日本の砂糖利用菓子に関する調査結果
株式会社ぐるなびが実施した「砂糖を利用したお菓子に関する消費実態・意識調査」では、米国、豪州、中国、台湾の4カ国における日本のお菓子の購買意向に関する重要な知見が得られました。本調査は、農林水産省の補助事業の一環として、全国和菓子協会および一般社団法人日本洋菓子協会連合会の協力のもと行われました。調査結果は、日本の菓子文化の深化とインバウンド市場の開拓に寄与する示唆に富んだものとなっています。
調査の主要ポイント
1.
インバウンド客の購入意向の高さ
調査によると、訪日外国人のうち日本を除く4カ国の旅行者の約9割が、お菓子を「自身で旅行中に食べる用」として購入する意向を示しました。そして、7割から9割が土産用としても購入する意向を持っていることが分かりました。この高い水準から、訪日観光客の日本のお菓子に対する関心の高さが伺えます。
2.
文化による味の好みの違い
試食調査では、国や地域によって味の好みや評価が大きく異なることが示されました。これは、同じお菓子に対しても日本国内でも多様な評価があることを意味しています。あらゆる文化的背景を持つ人に対応するためには、各国の嗜好に合った商品開発が必要とされます。
3.
嗜好を考慮した新たな展開の可能性
調査結果から、万人受けするような策よりも、特定の嗜好を持つ人に向けたアプローチが重要であることが分かりました。「自店の味が好きな人に見つけてもらい、食べてもらう」ための戦略が求められます。これは、新たなマーケティングの視点を生むものであり、各ブランドにとって重要な課題と言えるでしょう。
砂糖の消費拡大の重要性
砂糖の消費を拡大することは、日本の食文化の継承と同時にインバウンド市場の開拓につながります。ぐるなびは、本調査の結果が業界関係者にとって新たなアイデアの契機となることを願っています。
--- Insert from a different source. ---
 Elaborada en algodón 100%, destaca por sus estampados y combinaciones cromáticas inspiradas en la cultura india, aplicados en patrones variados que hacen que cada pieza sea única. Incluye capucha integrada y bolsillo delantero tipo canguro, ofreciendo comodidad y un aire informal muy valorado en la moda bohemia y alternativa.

また、菓子専門店と消費者との橋渡しをするため、店頭やデジタルを利用した実証調査も行う予定です。この調査データは、「自店の味を愛する人」と出会うためのマーケティング計画に有用とされています。
結論
日本の砂糖利用菓子は、インバウンド市場における非常に大きなポテンシャルを秘めています。消費者の嗜好に基づいた戦略的アプローチを通じて、訪日観光客の購買意欲を引き出すチャンスがそこにあります。さらに、この調査が新たな一歩への道しるべとなることを期待しています。